Она лежала в разобранной постели, раскрытая, в коротком халатике, чуть раздвинув ноги. Белья на ней не было, и его взгляд сразу выцелил самое главное. Тот заветный островок между ног, который навсегда стал для него олицетворением всего лучшего и худшего, что есть в женщине, сутью Женщины как таковой, с их первой ночи, когда он потерял невинность. Когда она заперла дверь их общего гостиничного номера, повалила его на диван, встала перед ним, решительная и беспощадная, как смерть, медленно стянула с себя лосины, и, придвигаясь к его лицу, приказала: «Лижи!»

Киру тогда было восемнадцать. Ей – тридцать семь, но все считали, что меньше. Она была красивой, веселой, развратной (как говорили его одноклассники, он же просто не думал об этом, но сразу бил в морду, заступаясь за нее).

Действительно, подумал Кир. Развратная, какая же еще. Самая настоящая сучка.

Теперь уже от ее красоты не осталось и следа. Она лежала в психбольнице, после того, как порезала себе вены, а в записке, адресованной ему, написала: «Я сделала с тобой то, что должна была сделать». Уже после больницы она начала стариться и расплываться с катастрофической быстротой, а в последние года три вообще практически не выходила из дома и напоминала самку бегемота в старости.

- Привет, - хрипло сказал он, подходя к кровати.
- А… пришел, - без эмоций произнесла она, и тяжело перевернулась, чтобы его не видеть.
Кир, не спеша, разделся, залез под одеяло и бережно укрыл ее, вытянулся рядом и замер. Волны блаженства, не похожие на любые другие волны, приходящие к нему от других женщин, накатывали и убегали на отмель сознания. Ему казалось, что он, наконец, вернулся домой.

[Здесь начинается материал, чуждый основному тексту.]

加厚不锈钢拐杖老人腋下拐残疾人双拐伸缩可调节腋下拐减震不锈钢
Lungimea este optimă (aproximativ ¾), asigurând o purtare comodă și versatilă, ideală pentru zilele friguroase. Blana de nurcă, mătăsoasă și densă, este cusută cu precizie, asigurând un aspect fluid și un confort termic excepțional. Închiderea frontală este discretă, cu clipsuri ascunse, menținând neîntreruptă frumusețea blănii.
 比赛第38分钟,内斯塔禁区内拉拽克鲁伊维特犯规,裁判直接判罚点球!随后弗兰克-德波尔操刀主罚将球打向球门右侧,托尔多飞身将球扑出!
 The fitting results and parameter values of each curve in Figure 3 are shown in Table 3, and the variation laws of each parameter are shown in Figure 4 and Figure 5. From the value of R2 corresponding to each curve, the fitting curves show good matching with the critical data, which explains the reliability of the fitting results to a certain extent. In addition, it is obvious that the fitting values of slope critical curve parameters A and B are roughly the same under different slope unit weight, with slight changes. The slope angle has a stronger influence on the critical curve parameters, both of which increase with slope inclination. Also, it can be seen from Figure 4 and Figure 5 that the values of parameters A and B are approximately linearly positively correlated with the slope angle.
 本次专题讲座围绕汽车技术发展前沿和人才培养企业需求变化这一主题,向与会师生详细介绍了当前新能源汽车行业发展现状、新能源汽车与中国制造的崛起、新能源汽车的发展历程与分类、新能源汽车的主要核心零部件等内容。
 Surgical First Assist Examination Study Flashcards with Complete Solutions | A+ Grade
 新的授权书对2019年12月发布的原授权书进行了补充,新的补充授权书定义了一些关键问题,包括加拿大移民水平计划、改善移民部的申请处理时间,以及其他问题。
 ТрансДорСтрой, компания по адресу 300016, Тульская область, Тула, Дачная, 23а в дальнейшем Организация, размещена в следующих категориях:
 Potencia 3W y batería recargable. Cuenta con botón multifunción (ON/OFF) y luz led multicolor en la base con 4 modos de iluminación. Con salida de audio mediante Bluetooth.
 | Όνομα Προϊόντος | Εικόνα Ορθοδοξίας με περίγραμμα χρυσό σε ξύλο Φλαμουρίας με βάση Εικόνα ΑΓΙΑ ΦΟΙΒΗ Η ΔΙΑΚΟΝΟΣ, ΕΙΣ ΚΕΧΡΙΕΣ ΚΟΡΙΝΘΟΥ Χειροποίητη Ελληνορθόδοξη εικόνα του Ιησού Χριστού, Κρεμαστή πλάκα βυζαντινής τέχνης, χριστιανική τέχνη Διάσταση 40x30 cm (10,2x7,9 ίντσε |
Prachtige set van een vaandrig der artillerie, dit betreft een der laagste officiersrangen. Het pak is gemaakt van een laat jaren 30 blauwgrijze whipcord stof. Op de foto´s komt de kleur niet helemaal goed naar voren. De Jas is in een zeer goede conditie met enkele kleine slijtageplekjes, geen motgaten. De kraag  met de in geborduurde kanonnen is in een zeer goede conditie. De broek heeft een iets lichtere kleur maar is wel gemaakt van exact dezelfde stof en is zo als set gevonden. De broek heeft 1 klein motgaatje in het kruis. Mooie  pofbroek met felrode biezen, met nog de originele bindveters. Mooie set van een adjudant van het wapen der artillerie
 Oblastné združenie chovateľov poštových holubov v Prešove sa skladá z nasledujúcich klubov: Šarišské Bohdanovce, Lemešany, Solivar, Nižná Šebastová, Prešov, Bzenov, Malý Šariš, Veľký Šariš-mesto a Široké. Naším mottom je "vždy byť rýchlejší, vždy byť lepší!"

Он обнял бегемотиху, пытаясь развернуть ее обмякшее тело к себе. И почувствовал, что она плачет.
- Ты чего? – спросил он грубовато, чтобы скрыть накатившую нежность.
- Когда ты прекратишь меня мучить, - произнесла она, отбрасывая его руку.

Он начал ее целовать: морщинистую шею, дряблые руки, обвисшие груди, зажмурившись, видя ее перед собой такой, какой она была тогда, а не сейчас. Единственная женщина, на которую у него стоял член.

Он был почти импотентом, и в результате все эти сучки, такие, как Лена, начинали его ненавидеть. Она была его единственной, та, которая подарила ему жизнь, а потом – медленную и мучительную смерть.

Когда он входил в ее тело, на глазах у него всегда выступали слезы. Он чувствовал себя гадким, плохим мальчишкой, недостойным права жить. И не мог жить иначе.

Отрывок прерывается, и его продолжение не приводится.